DATA PROVIDED:

· · ·

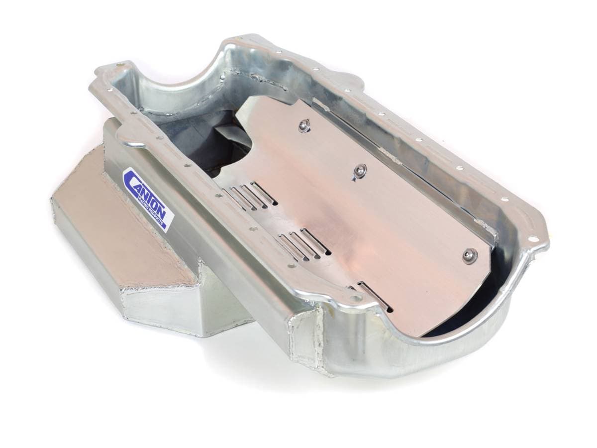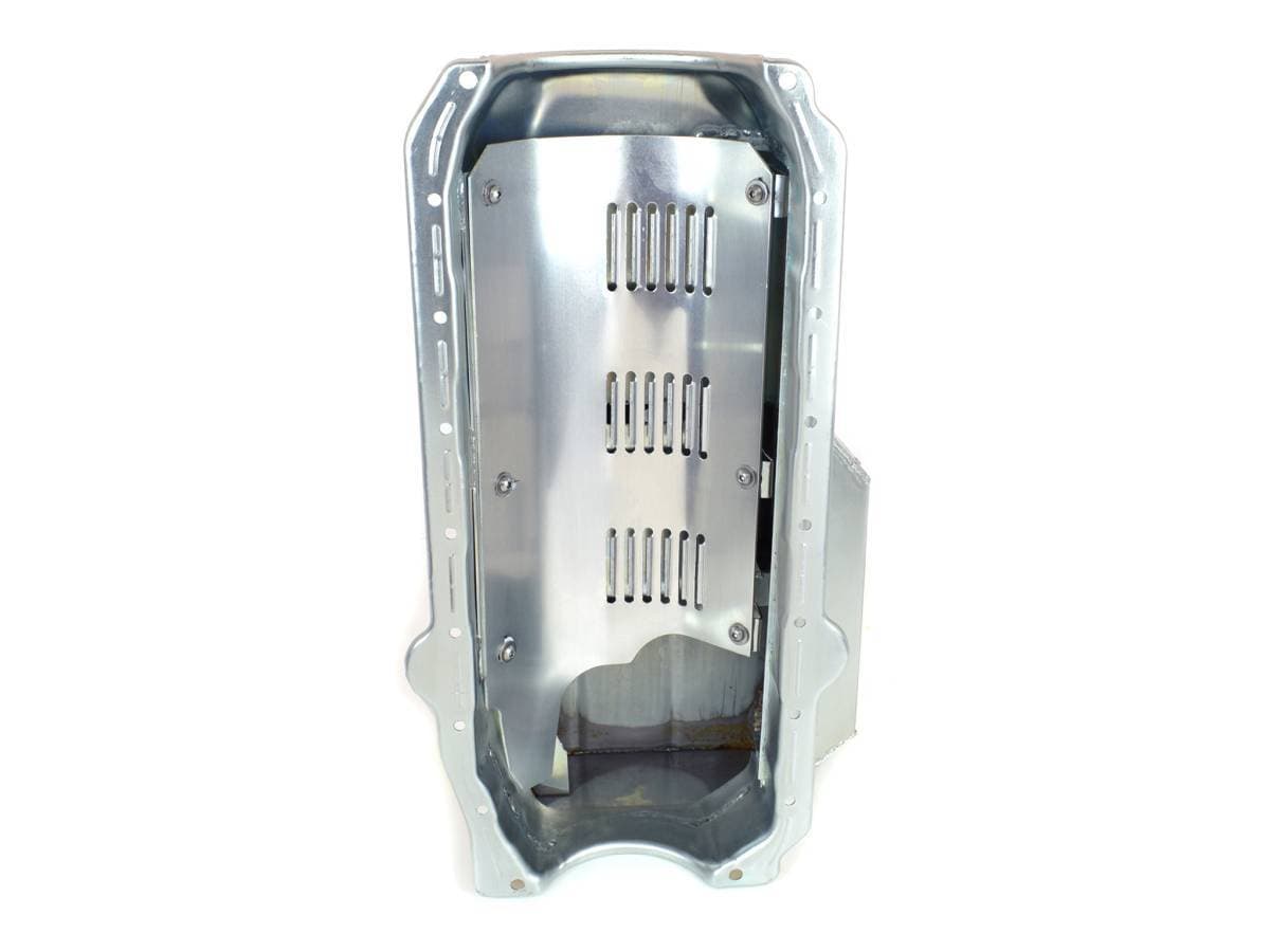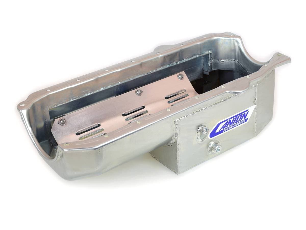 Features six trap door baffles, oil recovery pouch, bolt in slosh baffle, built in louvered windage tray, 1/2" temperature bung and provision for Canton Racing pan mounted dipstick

· · ·

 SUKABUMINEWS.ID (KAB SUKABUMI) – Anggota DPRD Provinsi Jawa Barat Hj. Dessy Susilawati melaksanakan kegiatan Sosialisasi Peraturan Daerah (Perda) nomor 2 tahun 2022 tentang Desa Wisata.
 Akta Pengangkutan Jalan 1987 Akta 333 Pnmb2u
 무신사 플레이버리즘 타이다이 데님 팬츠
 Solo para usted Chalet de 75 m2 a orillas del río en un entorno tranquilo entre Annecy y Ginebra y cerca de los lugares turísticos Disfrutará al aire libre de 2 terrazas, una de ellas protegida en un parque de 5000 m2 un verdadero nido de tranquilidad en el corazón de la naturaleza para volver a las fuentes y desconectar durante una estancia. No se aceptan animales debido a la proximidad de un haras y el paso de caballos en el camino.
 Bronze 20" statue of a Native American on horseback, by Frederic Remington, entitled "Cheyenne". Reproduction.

· · ·

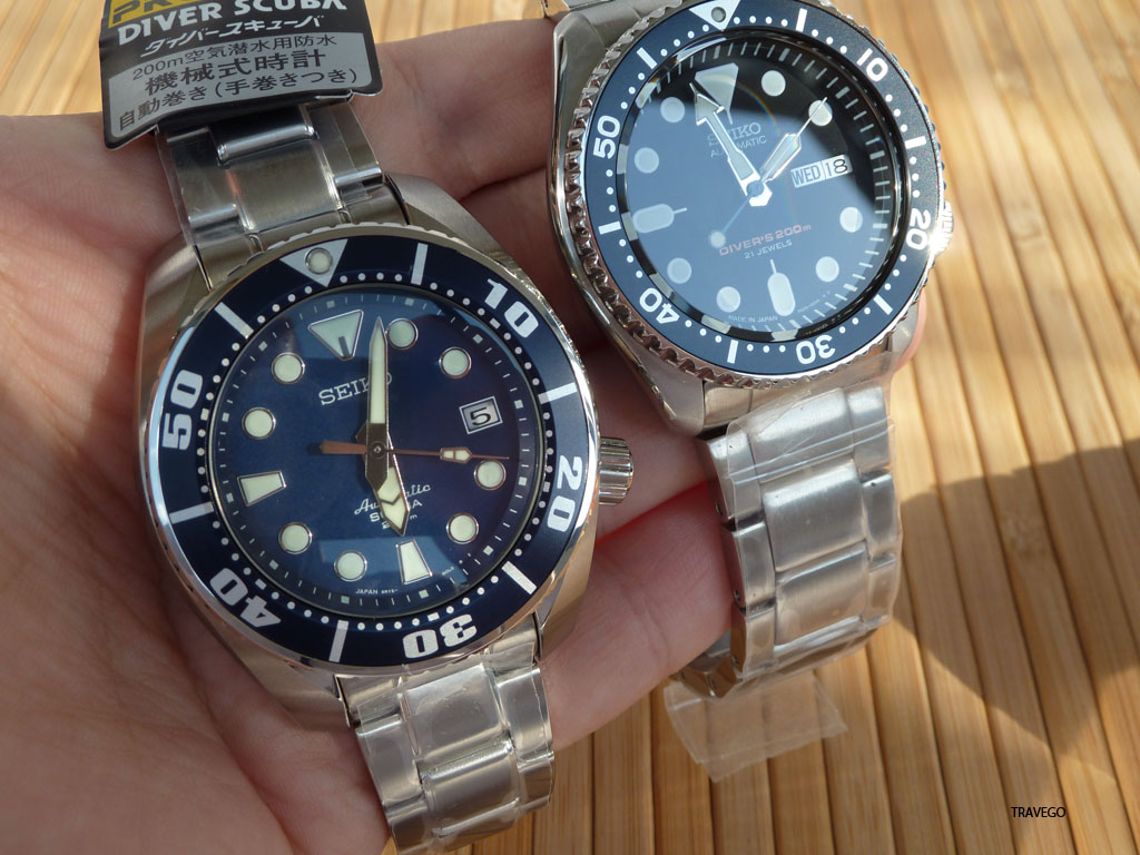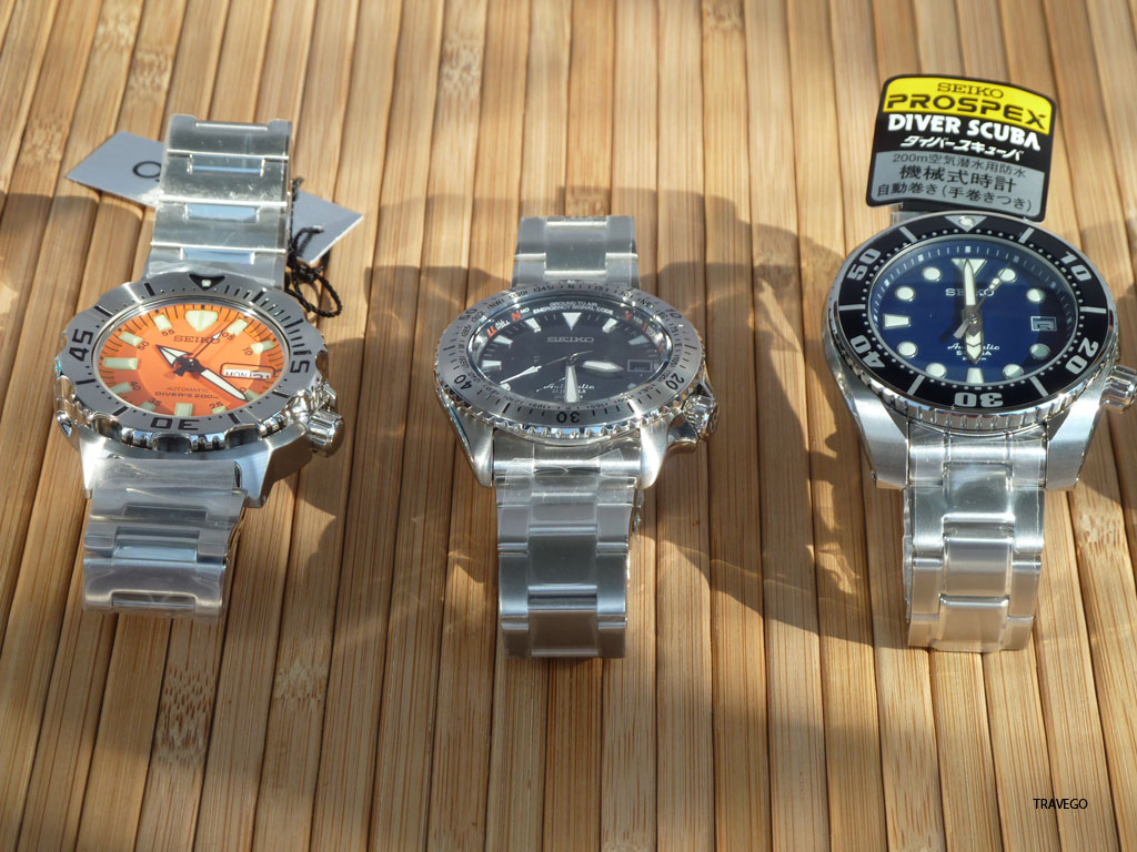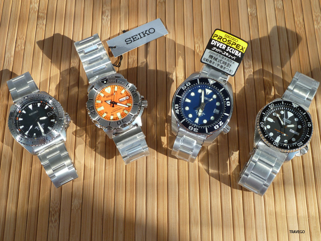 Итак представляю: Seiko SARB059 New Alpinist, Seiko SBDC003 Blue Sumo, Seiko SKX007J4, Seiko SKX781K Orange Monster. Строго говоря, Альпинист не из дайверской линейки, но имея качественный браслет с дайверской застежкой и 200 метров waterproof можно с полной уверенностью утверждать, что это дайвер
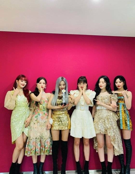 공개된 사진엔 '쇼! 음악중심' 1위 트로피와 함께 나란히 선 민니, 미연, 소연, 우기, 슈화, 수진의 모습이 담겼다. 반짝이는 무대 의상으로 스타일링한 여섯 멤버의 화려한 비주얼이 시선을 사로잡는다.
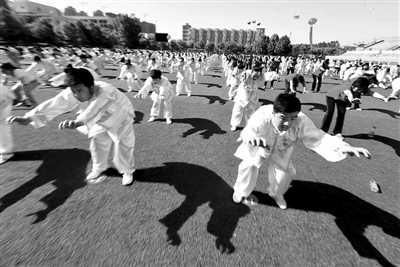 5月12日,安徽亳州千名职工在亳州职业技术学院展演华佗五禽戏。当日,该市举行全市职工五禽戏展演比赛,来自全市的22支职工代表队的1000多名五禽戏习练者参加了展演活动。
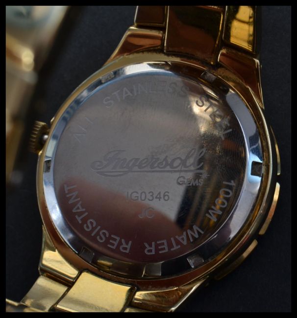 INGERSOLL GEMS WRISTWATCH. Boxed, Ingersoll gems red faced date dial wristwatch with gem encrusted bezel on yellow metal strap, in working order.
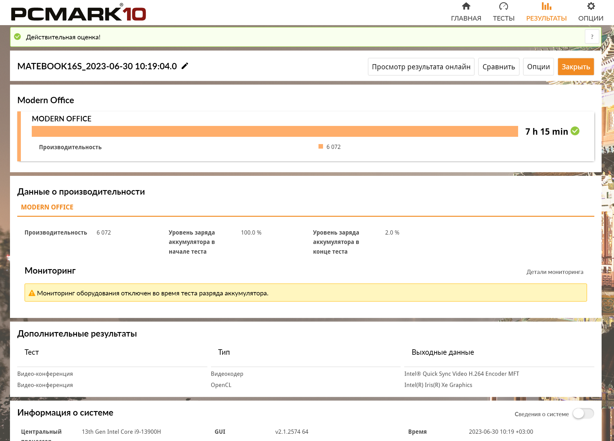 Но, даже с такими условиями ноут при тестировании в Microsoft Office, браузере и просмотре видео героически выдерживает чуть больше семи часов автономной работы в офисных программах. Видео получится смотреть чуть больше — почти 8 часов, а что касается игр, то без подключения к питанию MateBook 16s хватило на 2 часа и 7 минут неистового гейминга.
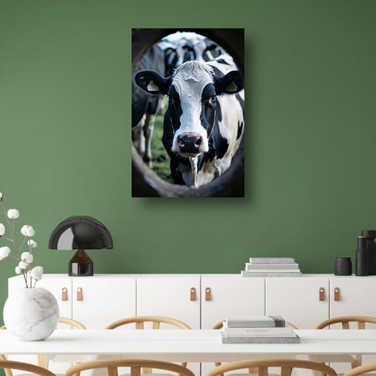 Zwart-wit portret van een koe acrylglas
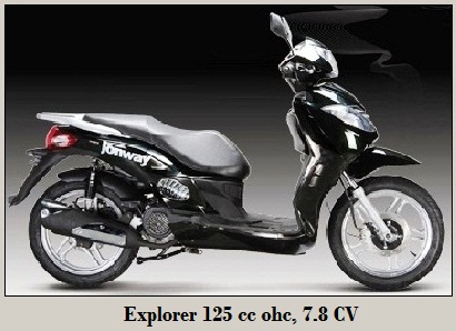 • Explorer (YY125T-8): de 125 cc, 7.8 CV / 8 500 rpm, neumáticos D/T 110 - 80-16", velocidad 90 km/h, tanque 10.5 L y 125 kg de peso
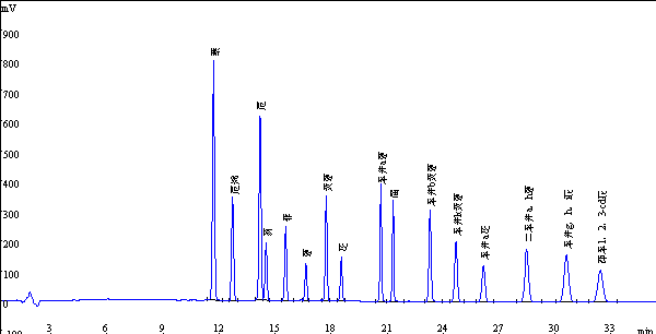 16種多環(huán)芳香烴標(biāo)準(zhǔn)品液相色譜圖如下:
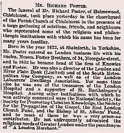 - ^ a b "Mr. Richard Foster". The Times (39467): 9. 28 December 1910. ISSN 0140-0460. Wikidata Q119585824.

· · ·

Given the listing above, repeat exactly the lines starting at the one with "5月12日,安徽亳州千名职工" and ending at the one with "INGERSOLL GEMS WRISTWATCH.", inclusive, excluding pictures.

TASK ANSWER:
 5月12日,安徽亳州千名职工在亳州职业技术学院展演华佗五禽戏。当日,该市举行全市职工五禽戏展演比赛,来自全市的22支职工代表队的1000多名五禽戏习练者参加了展演活动。
 INGERSOLL GEMS WRISTWATCH. Boxed, Ingersoll gems red faced date dial wristwatch with gem encrusted bezel on yellow metal strap, in working order.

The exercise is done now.